Entries taken from a collection:
::::::::::

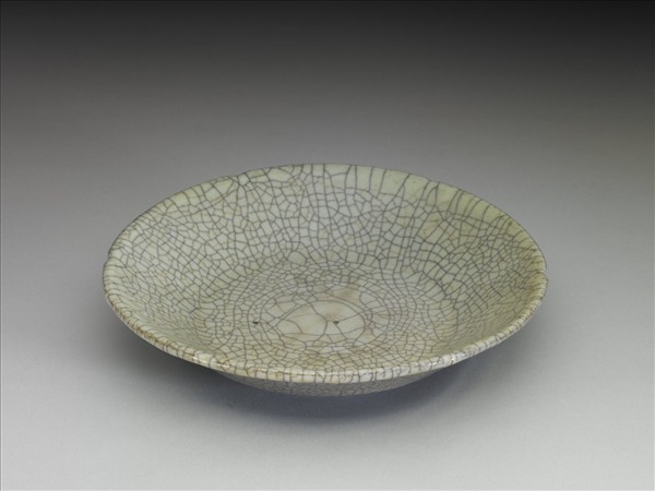 六瓣葵花式口盤,口外撇,平底,圈足,足挖過肩,足緣窄細一圈無釉,顯露黑色胎土。施灰青色釉,釉厚處色稍綠,釉質微乳濁不透,釉面滿佈開片,深者成黑色,淺者微帶褐色,是所謂「金絲鐵線」,內外底心及外壁有縮釉痕。
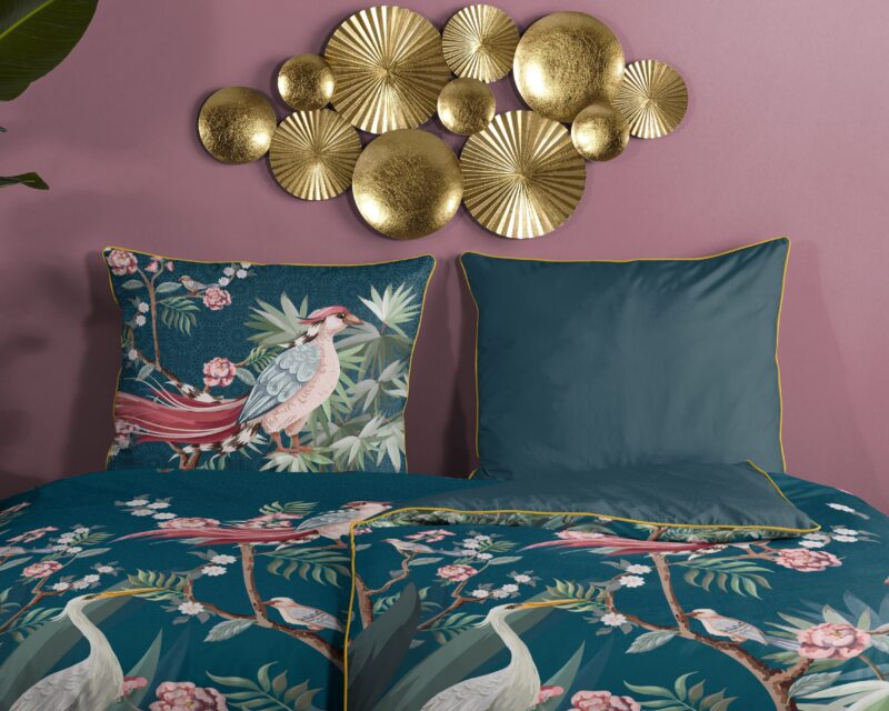 Descanso Dekbedovertrek “kraanvogel met bloemen” – Petrol – (135×200 cm) – Biologisch Katoen satijn
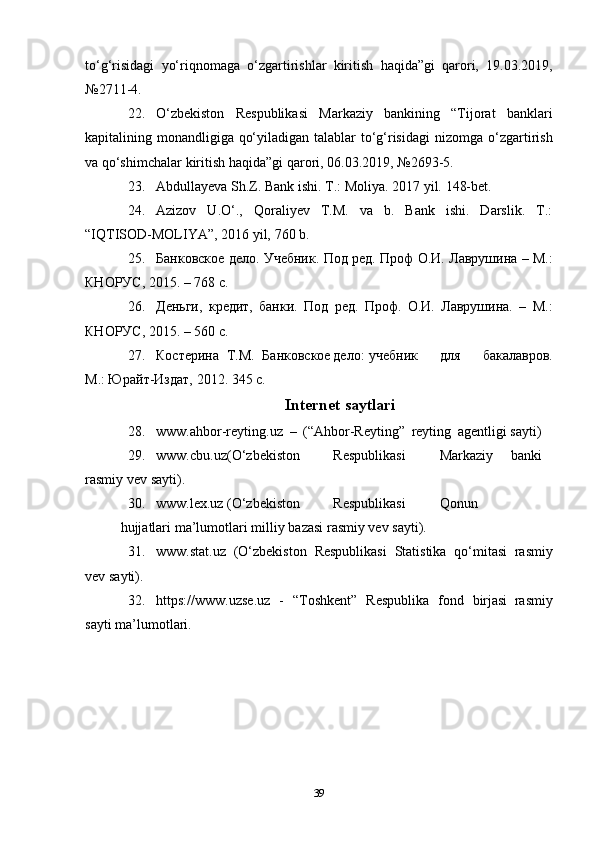23. Abdullayeva   Sh.Z.   Bank   ishi.   T.: Moliya.   2017   yil.   148-bet.
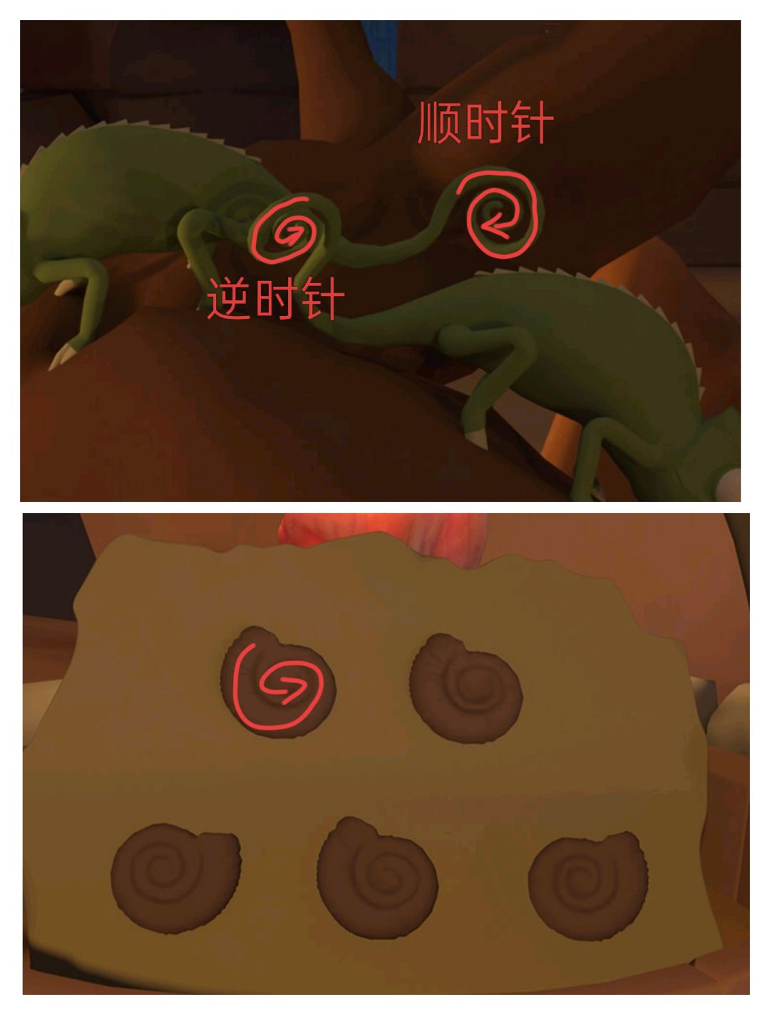 〈左边蜥蜴的尾巴是顺时针 右边逆时针 第一个贝壳是逆时针 对应右边 其余同理〉
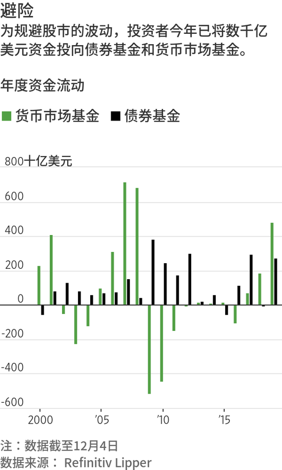 分析人士称,在贸易争端以及对经济可能陷入衰退的忧虑困扰美国股市之际,上述趋势凸显出投资者对市场的担忧。自2018年二季度以来,股票基金已经连续七个季度遭遇撤资。
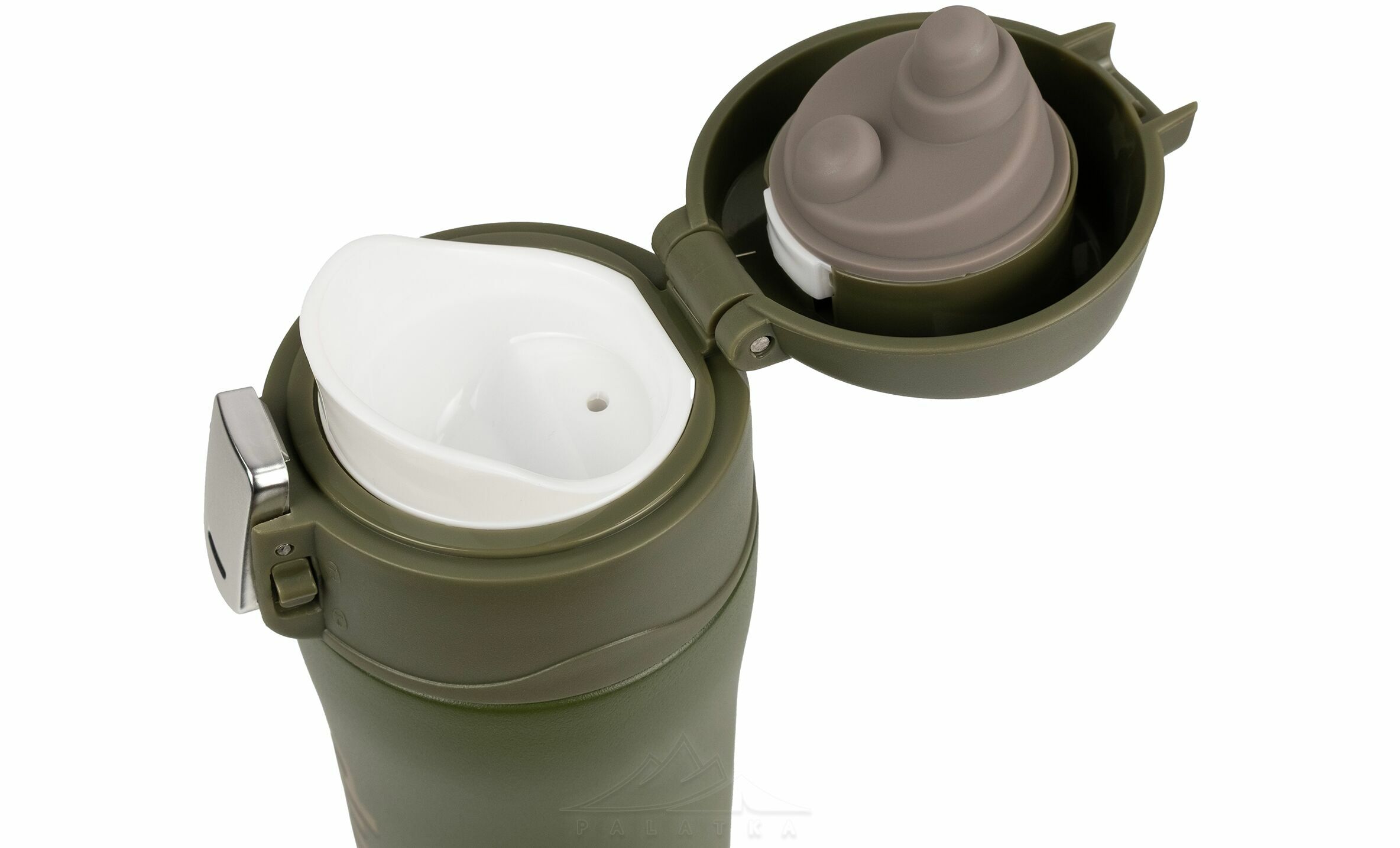 - Кришка-поїлка дозволяє зручно пити з термокружки на ходу, не відкриваючи її повністю.
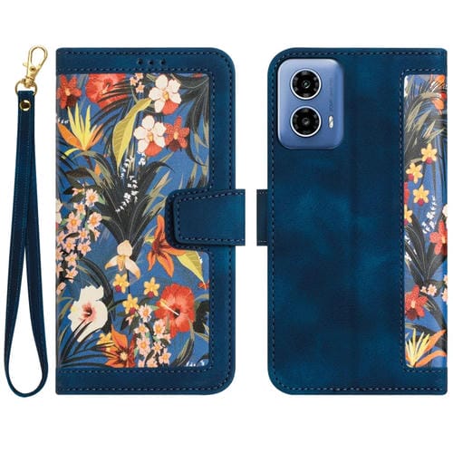 Funda de Cuero con Estampado Floral para Motorola Moto G24 con Cordón (Azul Oscuro)
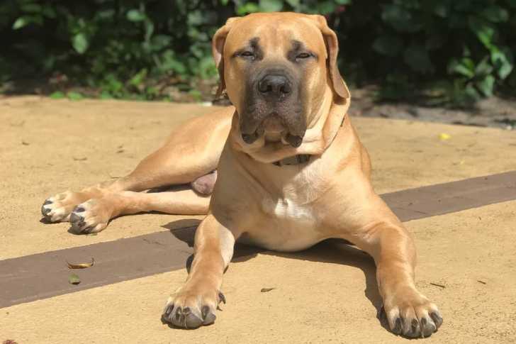 Un Boerboel allongé sur une surface sableuse et portant un collier autour du cou
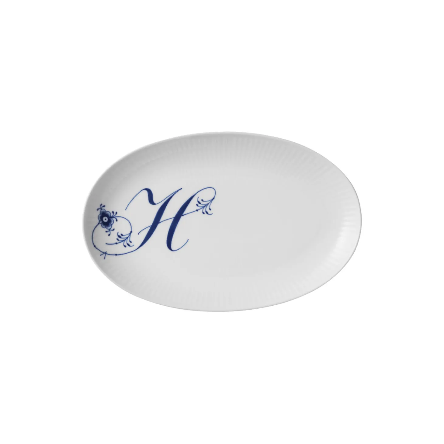 Alfabet tallerken H i porcelæn fra Royal Copenhagen. Det smukke ’H’ er håndmalet på denne ovale tallerken på 23,5 cm, som er et charmerende supplement til Alfabetkrusene. Brug den lille tallerken i en personlig opdækning og skab dit eget udtryk ved at kombinere den med andre steldele fra Royal Copenhagen.
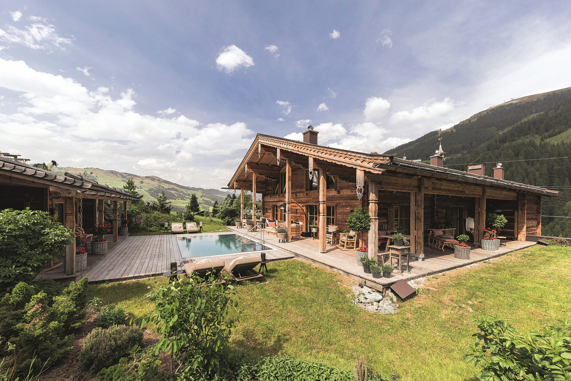 Ursprünglich als ihr eigenes Wohnhaus erbaut, bieten die Hasenauers dort seit 2014 ein Ultra-Luxus-Chalet zur Vermietung an. Bis zu zehn Personen können auf der „Schmiedalm“ auf 370 Quadratmetern alpinen Charme auf edelste Weise genießen. Ein privater Wellness-Bereich mit Sauna und beheiztem Außenpool gehört ebenso dazu wie eine Bauernküche auf Hightech-Niveau, in der auf Wunsch ein Privatkoch den Löffel schwingt. So sieht Hüttenzauber für allerhöchste Ansprüche aus.
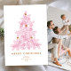 Árvore de Natal rosa em camadas com amoras de ouro. Cartão com fotos de Feriado de Árvore de Natal Rosa em Camadas.
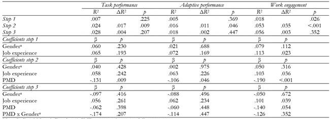 Firstly, we computed models using PMD as the only predictor. The third step, concerning the potential moderation between the variable gender and PDM, was not significant in any case. Results, displayed in Table 3, show that PMD contributes to explain 2.4% variance of task performance (β = -.131), 1.6% of adaptive performance (β = -.106), and 3.5% of work engagement (β = -.190).
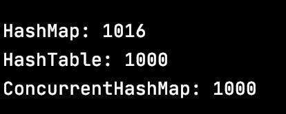 HashTable과 ConcurrentHashMap 은 put 메서드에 대해 동시성을 지원한다. 따라서 실행자가 1000번의 동시수행을 시도해도 key 값이 1-1000으로 고정되어있기 때문에 항상 size는 1000 임을 보장한다.
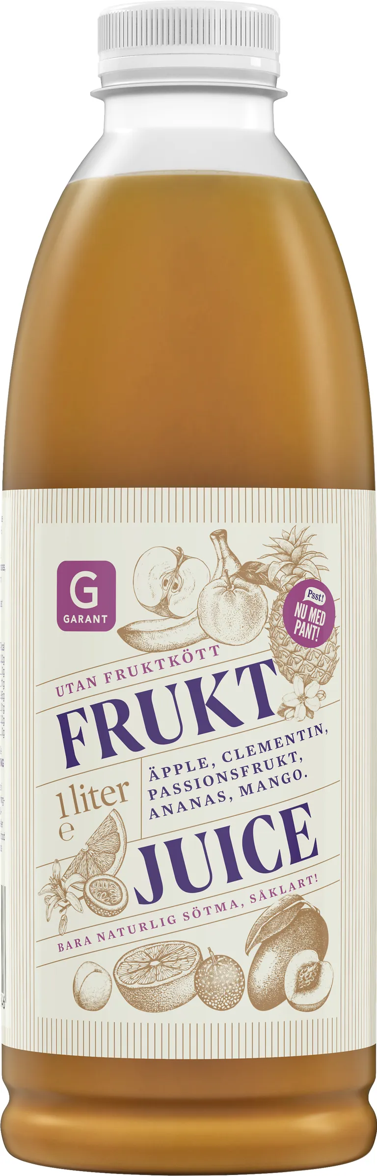 Fruktjuice med frisk sötma från fruktens naturliga sockerarter. Vår juice pressas direkt efter skörd. Dessutom går flaskan att panta!
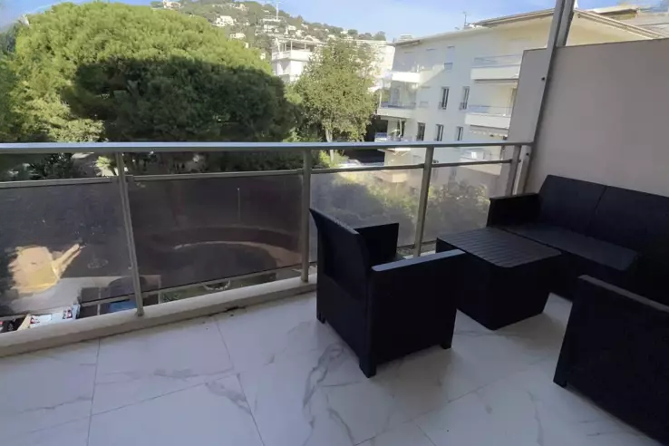 В престижном доме с консьержем, за пляжами Муре Руж, предлагается студия с большой обеденной террасой, выходящей на живописную зелень.

::::::::::

### What the task asks
Could you repeat, exactly and with nothing added, the lines from the top of the entries above through the line that holds "Alfabet tallerken H", leaving out any pictures?

### Output of the exercise
 六瓣葵花式口盤,口外撇,平底,圈足,足挖過肩,足緣窄細一圈無釉,顯露黑色胎土。施灰青色釉,釉厚處色稍綠,釉質微乳濁不透,釉面滿佈開片,深者成黑色,淺者微帶褐色,是所謂「金絲鐵線」,內外底心及外壁有縮釉痕。
 Descanso Dekbedovertrek “kraanvogel met bloemen” – Petrol – (135×200 cm) – Biologisch Katoen satijn
23. Abdullayeva   Sh.Z.   Bank   ishi.   T.: Moliya.   2017   yil.   148-bet.
 〈左边蜥蜴的尾巴是顺时针 右边逆时针 第一个贝壳是逆时针 对应右边 其余同理〉
 分析人士称,在贸易争端以及对经济可能陷入衰退的忧虑困扰美国股市之际,上述趋势凸显出投资者对市场的担忧。自2018年二季度以来,股票基金已经连续七个季度遭遇撤资。
 - Кришка-поїлка дозволяє зручно пити з термокружки на ходу, не відкриваючи її повністю.
 Funda de Cuero con Estampado Floral para Motorola Moto G24 con Cordón (Azul Oscuro)
 Un Boerboel allongé sur une surface sableuse et portant un collier autour du cou
 Alfabet tallerken H i porcelæn fra Royal Copenhagen. Det smukke ’H’ er håndmalet på denne ovale tallerken på 23,5 cm, som er et charmerende supplement til Alfabetkrusene. Brug den lille tallerken i en personlig opdækning og skab dit eget udtryk ved at kombinere den med andre steldele fra Royal Copenhagen.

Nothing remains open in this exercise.